**Exercise**
Return all the lines below exactly as written. Drop every picture.
Data shown: Begin
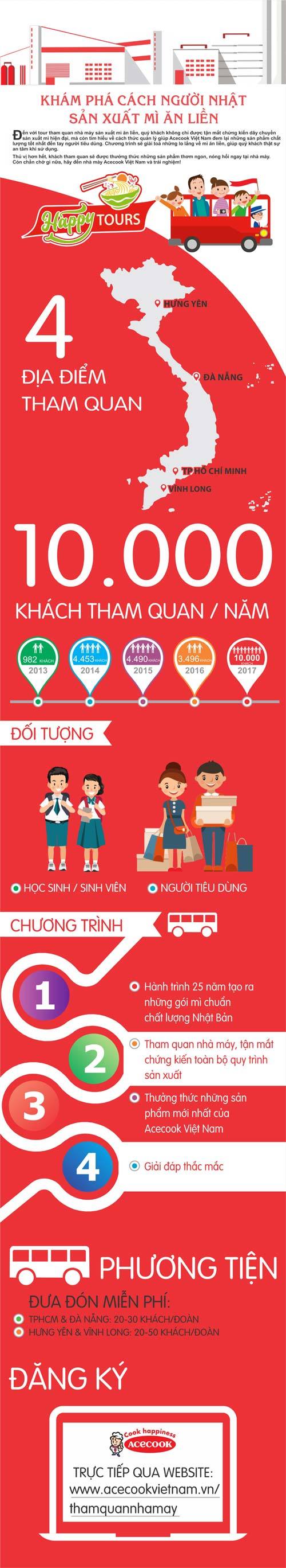 Đến với tour tham quan nhà máy sản xuất mì ăn liền của Acecook Việt Nam, người tham quan tận mắt chứng kiến hành trình cho ra đời những sản phẩm mì chất lượng trên dây chuyền sản xuất hiện đại theo công nghệ Nhật Bản.
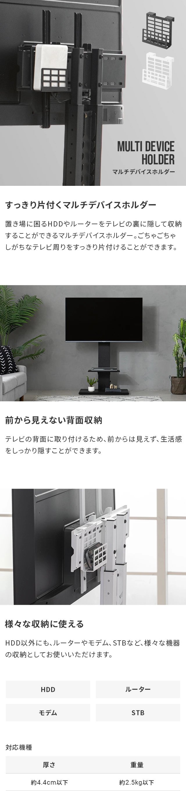 テレビスタンド専用 ホルダー 収納 取付 HDDホルダー ルーター ハードディスクホルダー 取り付け ブラック ホワイト
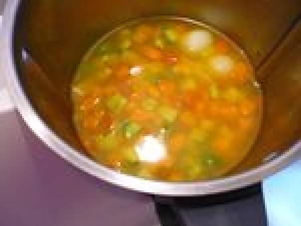 - Mettre la marmite knorr dans le bol avec 300 g d'eau, ajouter la brunoise et programmer 8 minutes sens inverse température 100 vitesse 1.
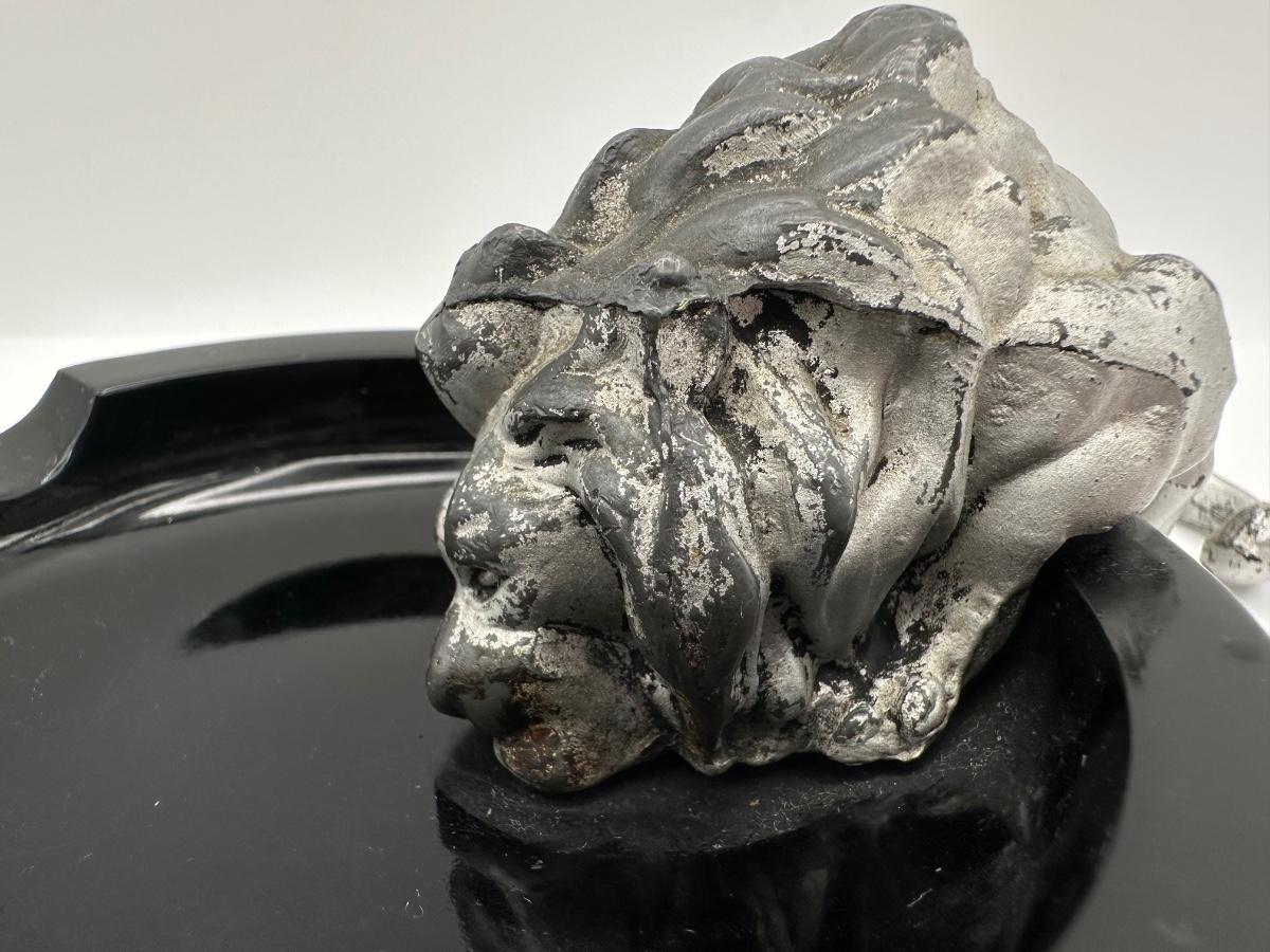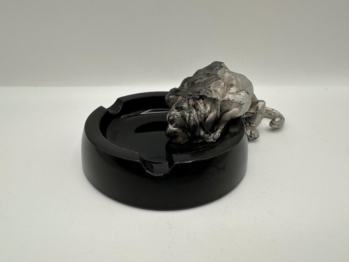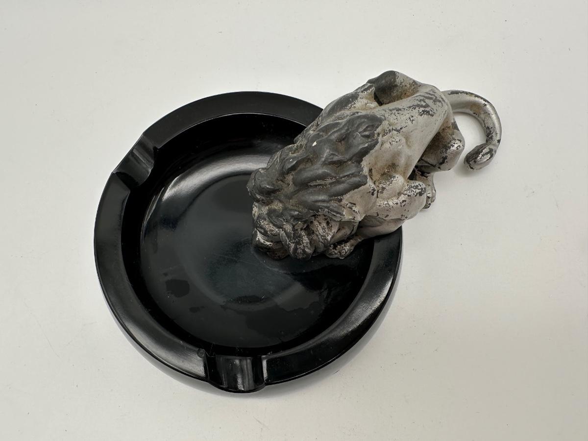 Vintage Lion Figural Ashtray – Cast Metal & Black Glass
Data shown: End
**Solution**
 Đến với tour tham quan nhà máy sản xuất mì ăn liền của Acecook Việt Nam, người tham quan tận mắt chứng kiến hành trình cho ra đời những sản phẩm mì chất lượng trên dây chuyền sản xuất hiện đại theo công nghệ Nhật Bản.
 テレビスタンド専用 ホルダー 収納 取付 HDDホルダー ルーター ハードディスクホルダー 取り付け ブラック ホワイト
 - Mettre la marmite knorr dans le bol avec 300 g d'eau, ajouter la brunoise et programmer 8 minutes sens inverse température 100 vitesse 1.
 Vintage Lion Figural Ashtray – Cast Metal & Black Glass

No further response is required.